- Gonder Location in Haryana, India Gonder Gonder (India)
- Country: India
- State: Haryana
- District: Karnal
- Named for: Gautam Rishi
- Elevation: 237 m (778 ft)

Population (2011)
- • Total: 18,000

Languages
- • Official: Hindi
- Time zone: UTC+5:30 (IST)
- Postal code: 132024
- Telephone code: +91-01745-XXXXXX
- Vehicle registration: HR-05
- Sex Ratio: 904:1000 ♂/♀
- Website: haryana.gov.in

= Gonder, Haryana =

Gonder is a village in Karnal district, Haryana, India with a population of approximately 30,000. It is an historical village, named for Gautam Rishi.

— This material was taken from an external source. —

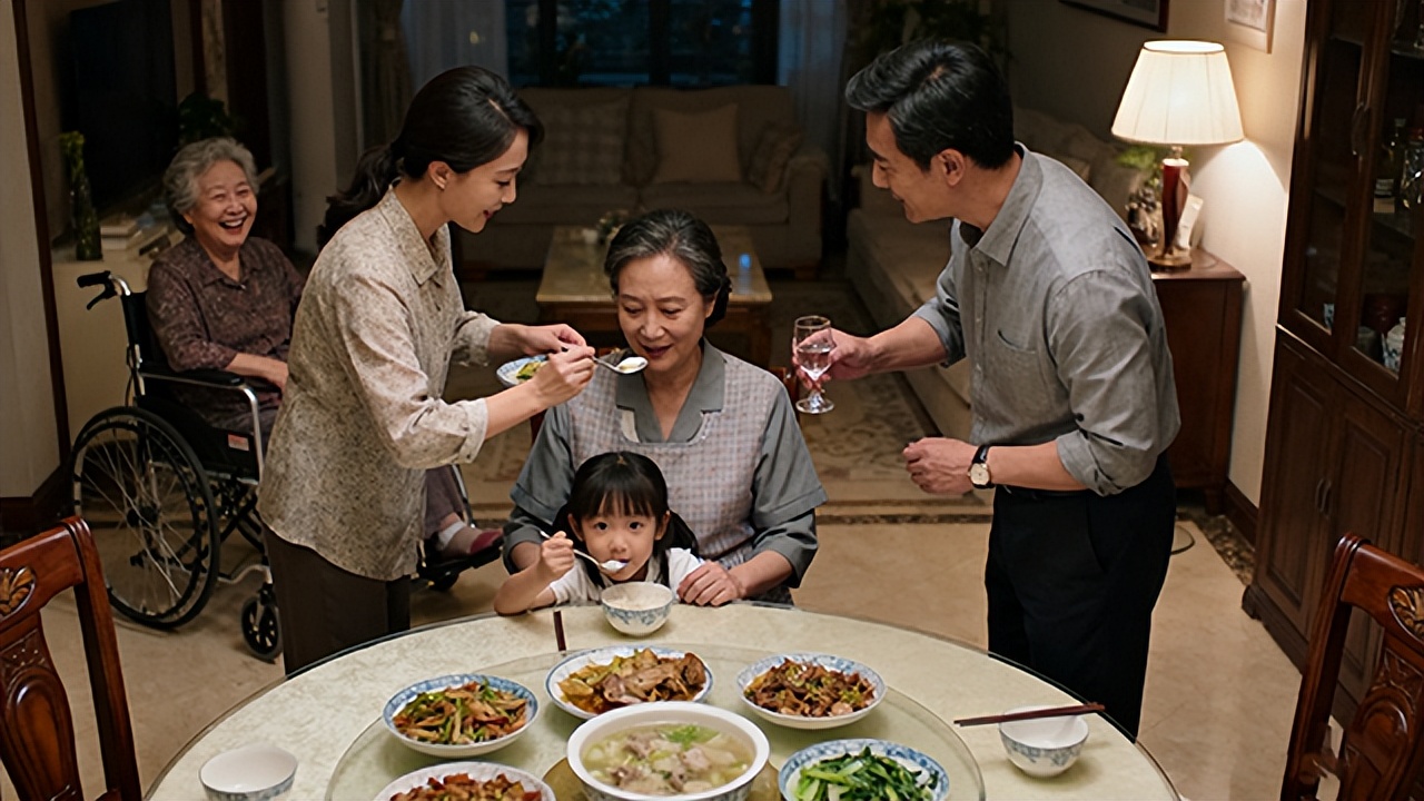晚上,一家人坐在餐桌上吃饭,气氛很融洽。念念不停地给李桂兰夹菜,嘴里说着:“兰姨,多吃点,这个鱼好吃。”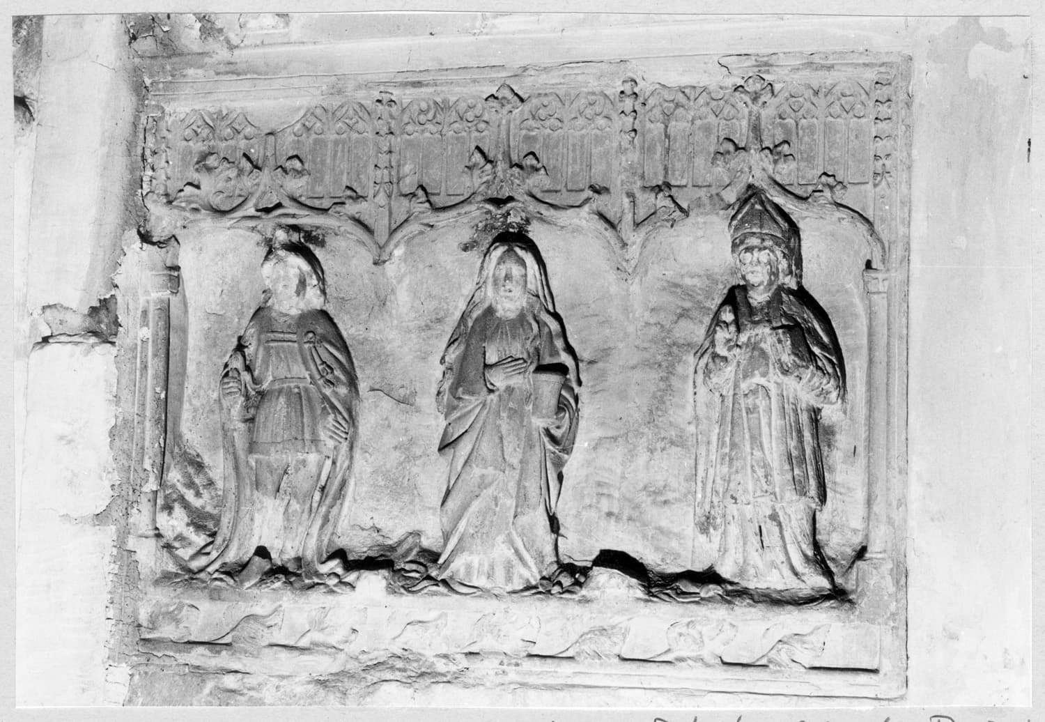 demi-relief (triptyque) d'un décor de fenestrages : Saint évêque, sainte Madeleine et un autre personnage

The Chauhan clan from Rajput dynasty has a population of 12,000. Brahmin voters are also dominated in this village, with others castes having a population of 18,000. Rajput is the main caste. The main occupation is agriculture. Though it has poor air quality, the carbon monoxide and Sulphur Dioxide levels are less.

Three politicians from this village have so far been elected as MLAs. However, the village still faces caste based discrimination of lower caste people, especially Dalits. In April 2021, there was a proposal to develop the village pond along with three others, as a model pond by the Karnal civic body.